There is a problem about Cartan's development, arising from the paper 'Kinetic Brownian motion on Riemannian manifolds', Subsection 2.4.1. To be precise, let $$(M,g)$$ be a $$d$$-dimensional complete Riemannian manifold, $$\pi:OM\to M$$ be its orthonormal frame bundle with structure group $$O(d)$$ and equipped with the Riemannian connection. Denote by $$H_v$$ the standard horizontal vector field on $$OM$$ corresponding to $$v\in\mathbf R^d$$, uniquely characterized by the property that $$\pi_*(H_v(z)) = e(v)$$ for all $$z = (x,e) \in OM$$. Let $$\{\epsilon_1,...,\epsilon_d\}$$ be the canonical basis of $$\mathbf R^d$$, with dual basis $$\{\epsilon_1^*,...,\epsilon_d^*\}$$. Denote by $$V_i, 1\le i\le d$$ the vertical vector field induced by $$a_i=\epsilon_i \otimes \epsilon_1^* - \epsilon_1 \otimes \epsilon_i^* \in o(d)$$.

Given a smooth curve $$\{m_t\}_{0\le t\le1}$$, define the Cartan's development of $$\gamma$$ on $$OM$$ as the solution to the ODE on $$OM$$, $$\begin{equation}\tag{1} \dot z_t = H_{\dot m_t}(z_t), \quad z_0 = (x_0,e_0)\in OM. \end{equation}$$

Now Assume $$\{m_t\}_{0\le t\le1}$$ is run at unit speed, i.e., $$|\dot m_t|\equiv 1$$. Then, given an orthonormal basis $$f_0$$ of $$\mathbf R^d$$ with $$f_0(\epsilon_1) = \dot m_0$$, solve the following ODE on $$SO(d)$$, $$\begin{equation} \dot f_t = \sum_{i=2}^d (f_t(\epsilon_i),\ddot m_t)a_i(f_t), \end{equation}$$ started from $$f_0$$, and define the $$\mathbf R^{d-1}$$-valued path $$\{h_t\}_{0\le t\le1}$$, starting from zero, by the ODEs $$\begin{equation} \dot h^i_t = (f_t(\epsilon_i),\ddot m_t), \quad 2\le i\le d. \end{equation}$$ Consider the following ODE on $$OM$$, $$\begin{equation}\tag{2} \dot{\tilde z}_t = H_{\epsilon_1}(\tilde z_t)+ \sum_{i=2}^d V_i(\tilde z_t) \dot h_t^i, \quad \tilde z_0 = (x_0,e_0)\in OM. \end{equation}$$ Then the paper, mentioned in the very beginning, has the following claim:

Claim: $$\pi(\tilde z_t) = \pi(z_t)$$.

But why?

I try to prove this claim. But I am not able to finish that.
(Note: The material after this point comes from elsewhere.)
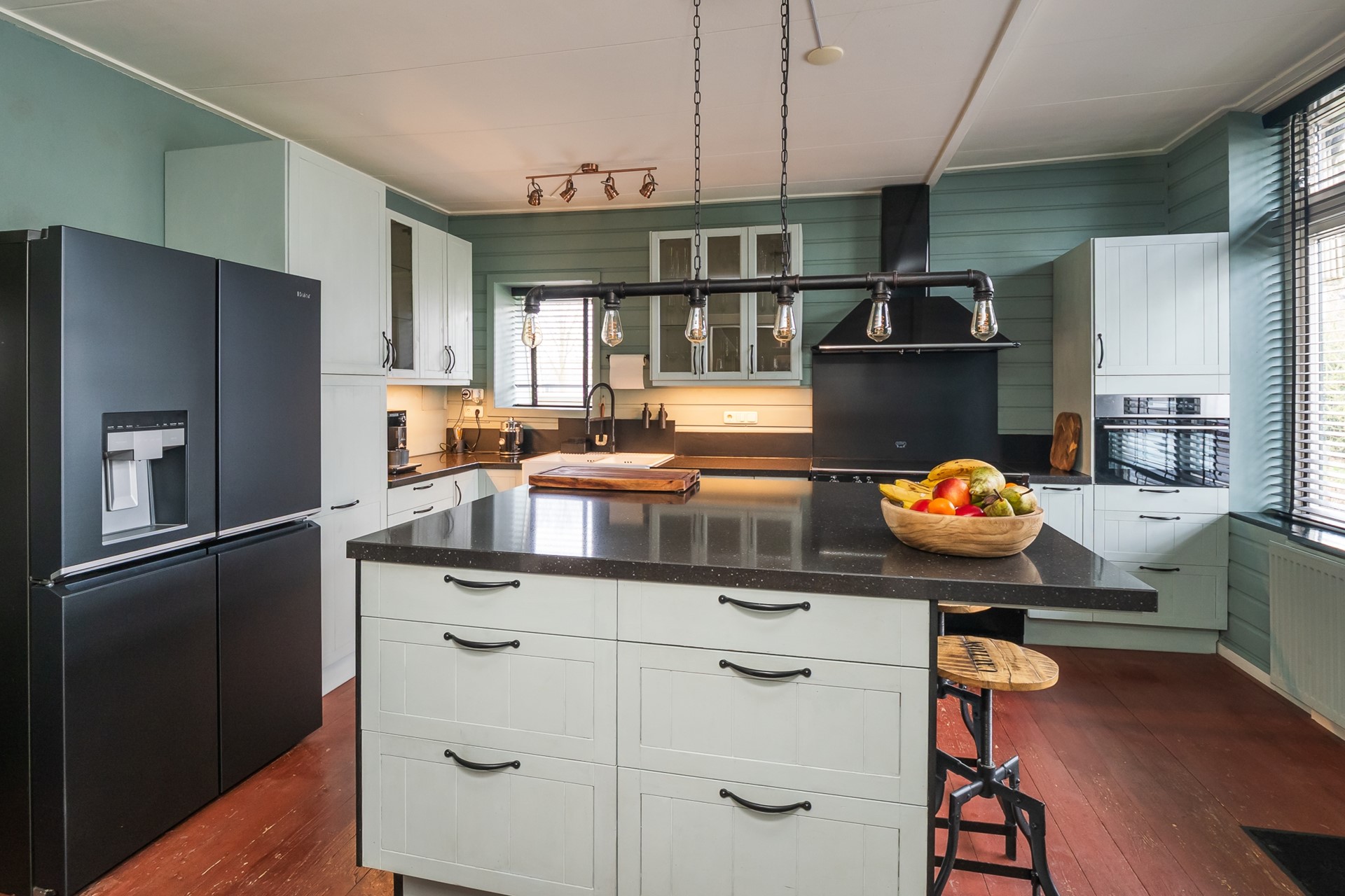 Keuken: Bij de keuken hebben we gekozen om deze te vervangen door een moderne keuken binnen de bestaande opzet.

Use the coordinate system $$(x^i,e_l^k)$$ on $$OM$$. Then \begin{align} H_v &= v^j e_j^i \partial_{x^i} - v^r \Gamma^k_{ij} e_l^j e_r^i \partial_{e_l^k}, \\ V_i &= e_i^k \partial_{e^k_1} - e_1^k \partial_{e_i^k}. \end{align} On the one hand, Eqn. (1) is represented as \begin{equation}\left\{ \begin{aligned} \dot{x}^i &= e_j^i \dot m^j, \\ \dot e_l^k &= -\Gamma^k_{ij} e_l^j e_r^i \dot m^r, \end{aligned} \right. \end{equation} where $$\Gamma^k_{ij}$$ are the Christoffel's symbols of the metric $$g$$. We can obtain $$\begin{equation} \ddot x^i = \dot e_j^i \dot m^j + e_j^i \ddot m^j = -\Gamma^i_{kl} e_j^l e_r^k \dot m^r \dot m^j + e_j^i \ddot m^j = -\Gamma^i_{kl} \dot x^l \dot x^k + e_j^i \ddot m^j, \end{equation}$$ that is, $$\begin{equation}\tag{1*} \frac{\nabla \dot x^i}{dt} = e_j^i \ddot m^j. \end{equation}$$ On the other hand, Eqn. (2) is represented as \begin{equation}\left\{ \begin{aligned} \dot{\tilde x}^i &= \tilde e_1^i, \\ \dot{\tilde e}_1^k &= -\Gamma^k_{ij} \tilde e_1^j \tilde e_1^i + \sum_{i=2}^d \tilde e_i^k \dot h^i, \\ \dot{\tilde e}_l^k &= -\Gamma^k_{ij} \tilde e_l^j \tilde e_1^i - \tilde e_1^k \dot h^l, \quad 2\le l \le d. \end{aligned} \right. \end{equation} We have $$\begin{equation} \ddot{\tilde x}^i = \dot{\tilde e}_1^i = -\Gamma^i_{kj} \tilde e_1^j \tilde e_1^k + \sum_{k=2}^d \tilde e_k^i \dot h^k = -\Gamma^i_{kj} \dot{\tilde x}^j \dot{\tilde x}^k + \sum_{k=2}^d \tilde e_k^i \dot h^k, \end{equation}$$ that is, $$\begin{equation}\tag{2*} \frac{\nabla \dot{\tilde x}^i}{dt} = \sum_{k=2}^d \tilde e_k^i \dot h^k. \end{equation}$$ If (1*) and (2*) are the same ODE, then under the same initial condition $$x(0) = \tilde x(0) = x_0$$, we have $$x=\tilde x$$, which proves the claim. But I do not know how to compare (1*) and (2*).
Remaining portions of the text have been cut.